Requirement — Please retype the data below line for line and leave out every picture.

···

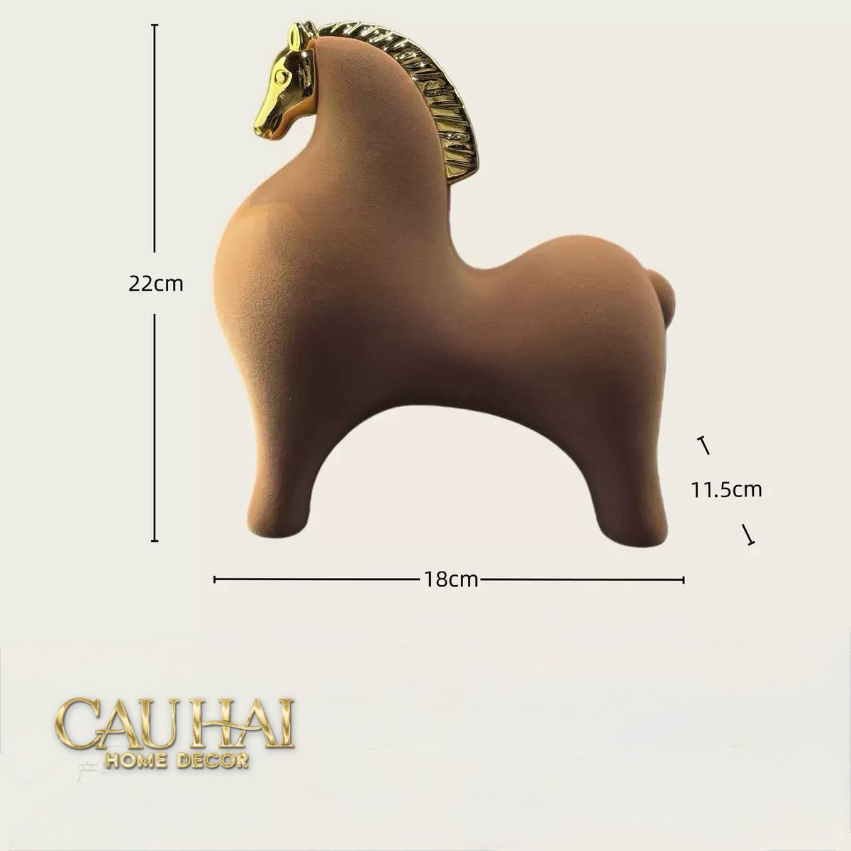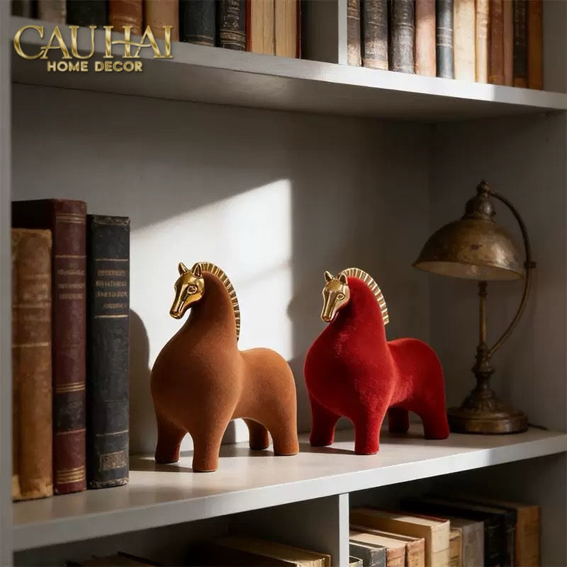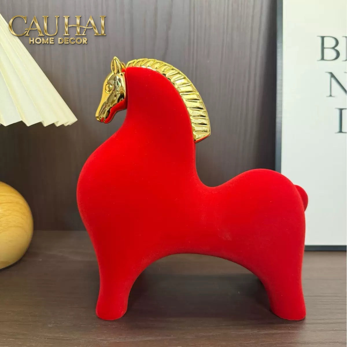Tết Couture - Tượng Ngựa Nhung Đỏ Mạ Vàng - Đại Hồng Mã Phú Quý 18x22
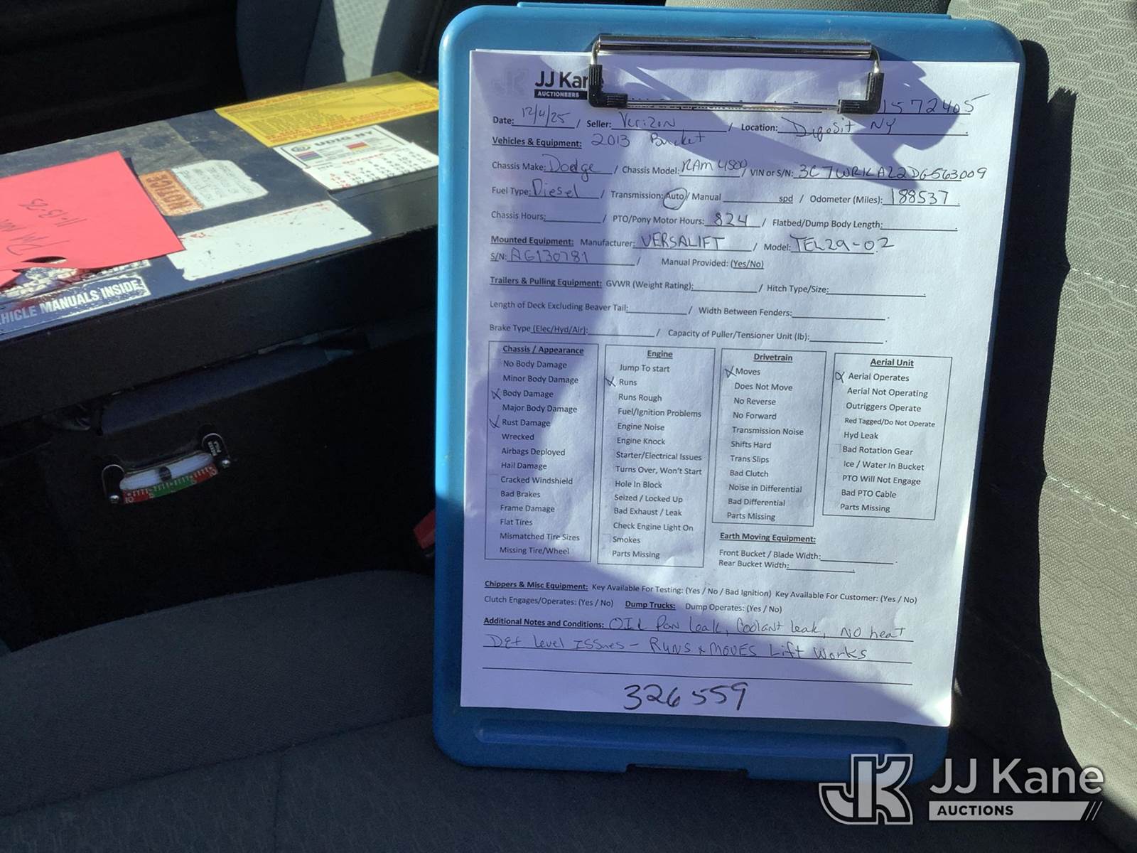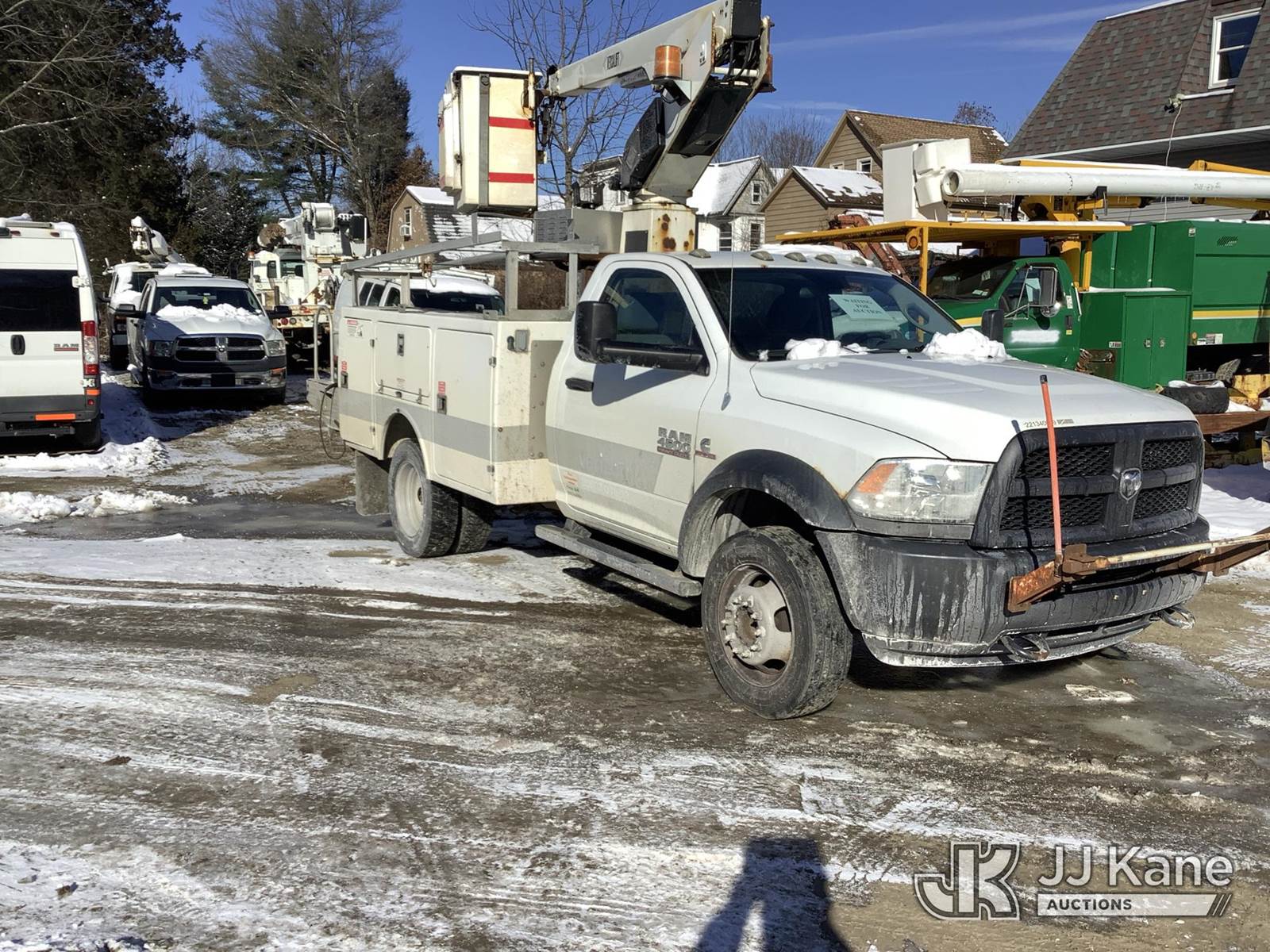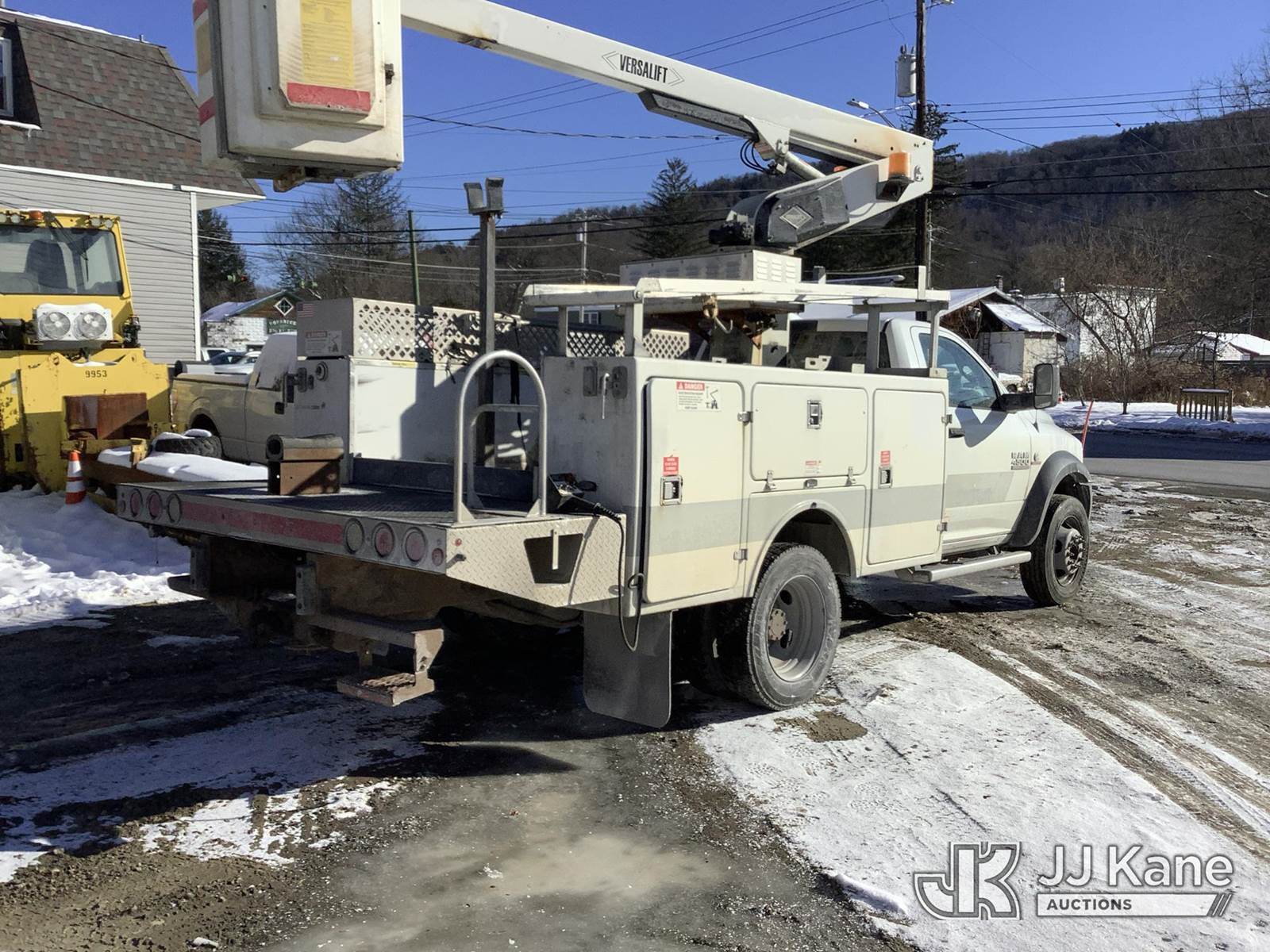 Versalift TEL29N02, 34 ft, Telescopic Non-Insulated Bucket Truck s/n AG130781, with single-man bucket, mounted behind cab on 2013 Ram 4500 Service Truck, 6.7L diesel, Auto, A/C, (188,537 miles) (Runs, Moves & Upper Operates) (Oil Pan Leak, Coolant Leak, No Heat, DEF Level Issues, Body/Rust Damage) This is a Titled Item NOTE: This unit is being sold AS IS/WHERE IS via Timed Auction and is located in Deposit, NY. Inspection & preview days for this unit are by appointment only; please contact us at contact@jjkane.com or 84-Go-JJKane for more details. (Missing manuals, See Auction Company for Manufacturers Information to obtain manuals) (Buyer is responsible for removal. Assistance by consignor or JJ Kane Auctions is not assured.)
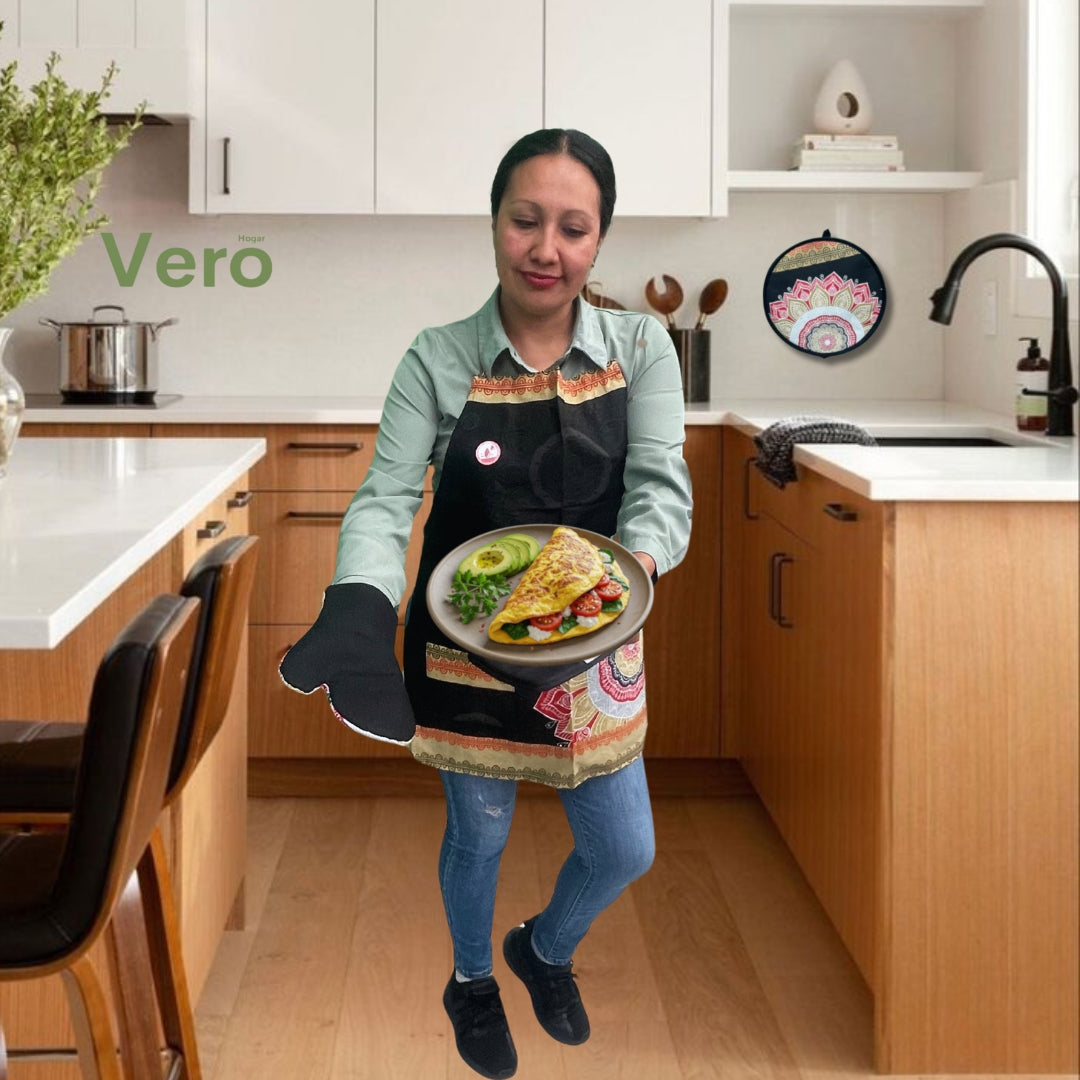 El guante de cocina y el secador agarradera complementan perfectamente el mandil, ofreciendo una experiencia completa y práctica. Este conjunto es ideal para cualquier persona que desee añadir un toque festivo a su cocina, sin sacrificar la funcionalidad. Con Vero Hogar, cada momento en la cocina se convierte en una celebración.
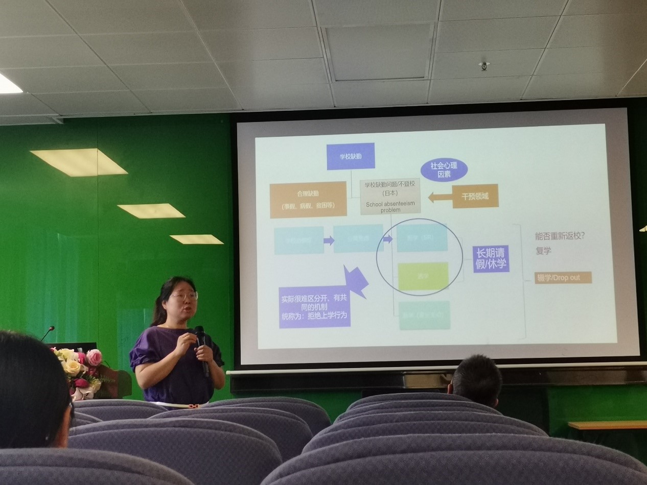 2009级校友何丽(现为北京联合大学师范学院心理系讲师)作了题为“他们为什么不上学?中学生拒学现象的个案研究”的报告,以北京市拒学的七位中学生为案例,从多个方面分析出了拒学的影响因素,提出了拒学影响因素理论模型和拒学干预的模型。
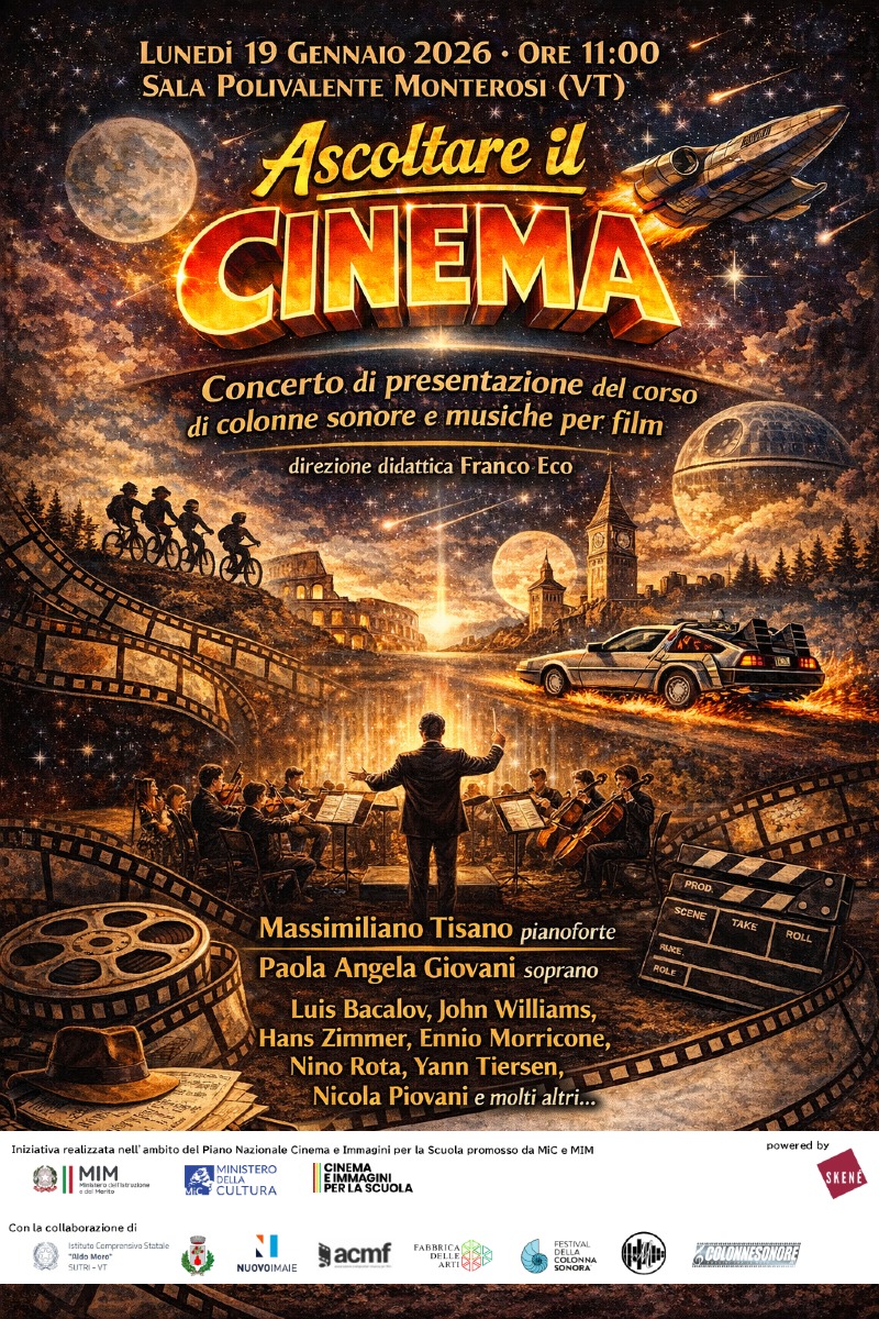 Il progetto, diretto scientificamente da Eco e sostenuto dai Ministeri della Cultura e dell’Istruzione e del Merito nell’ambito del Piano nazionale cinema e immagini per la scuola, sarà presentato lunedì 19 gennaio, alle ore 11, presso la sala polivalente di Monterosi, alle porte di Viterbo, con un concerto inaugurale. In programma un viaggio nella storia della colonna sonora attraverso brani di Luis Bacalov, John Williams, Hans Zimmer, Ennio Morricone, Nino Rota, Yann Tiersen, Nicola Piovani e altri grandi autori, eseguiti dal pianista Massimiliano Tisano e dal soprano Paola Angela Giovani.

···

Task result —
Tết Couture - Tượng Ngựa Nhung Đỏ Mạ Vàng - Đại Hồng Mã Phú Quý 18x22
 Versalift TEL29N02, 34 ft, Telescopic Non-Insulated Bucket Truck s/n AG130781, with single-man bucket, mounted behind cab on 2013 Ram 4500 Service Truck, 6.7L diesel, Auto, A/C, (188,537 miles) (Runs, Moves & Upper Operates) (Oil Pan Leak, Coolant Leak, No Heat, DEF Level Issues, Body/Rust Damage) This is a Titled Item NOTE: This unit is being sold AS IS/WHERE IS via Timed Auction and is located in Deposit, NY. Inspection & preview days for this unit are by appointment only; please contact us at contact@jjkane.com or 84-Go-JJKane for more details. (Missing manuals, See Auction Company for Manufacturers Information to obtain manuals) (Buyer is responsible for removal. Assistance by consignor or JJ Kane Auctions is not assured.)
 El guante de cocina y el secador agarradera complementan perfectamente el mandil, ofreciendo una experiencia completa y práctica. Este conjunto es ideal para cualquier persona que desee añadir un toque festivo a su cocina, sin sacrificar la funcionalidad. Con Vero Hogar, cada momento en la cocina se convierte en una celebración.
 2009级校友何丽(现为北京联合大学师范学院心理系讲师)作了题为“他们为什么不上学?中学生拒学现象的个案研究”的报告,以北京市拒学的七位中学生为案例,从多个方面分析出了拒学的影响因素,提出了拒学影响因素理论模型和拒学干预的模型。
 Il progetto, diretto scientificamente da Eco e sostenuto dai Ministeri della Cultura e dell’Istruzione e del Merito nell’ambito del Piano nazionale cinema e immagini per la scuola, sarà presentato lunedì 19 gennaio, alle ore 11, presso la sala polivalente di Monterosi, alle porte di Viterbo, con un concerto inaugurale. In programma un viaggio nella storia della colonna sonora attraverso brani di Luis Bacalov, John Williams, Hans Zimmer, Ennio Morricone, Nino Rota, Yann Tiersen, Nicola Piovani e altri grandi autori, eseguiti dal pianista Massimiliano Tisano e dal soprano Paola Angela Giovani.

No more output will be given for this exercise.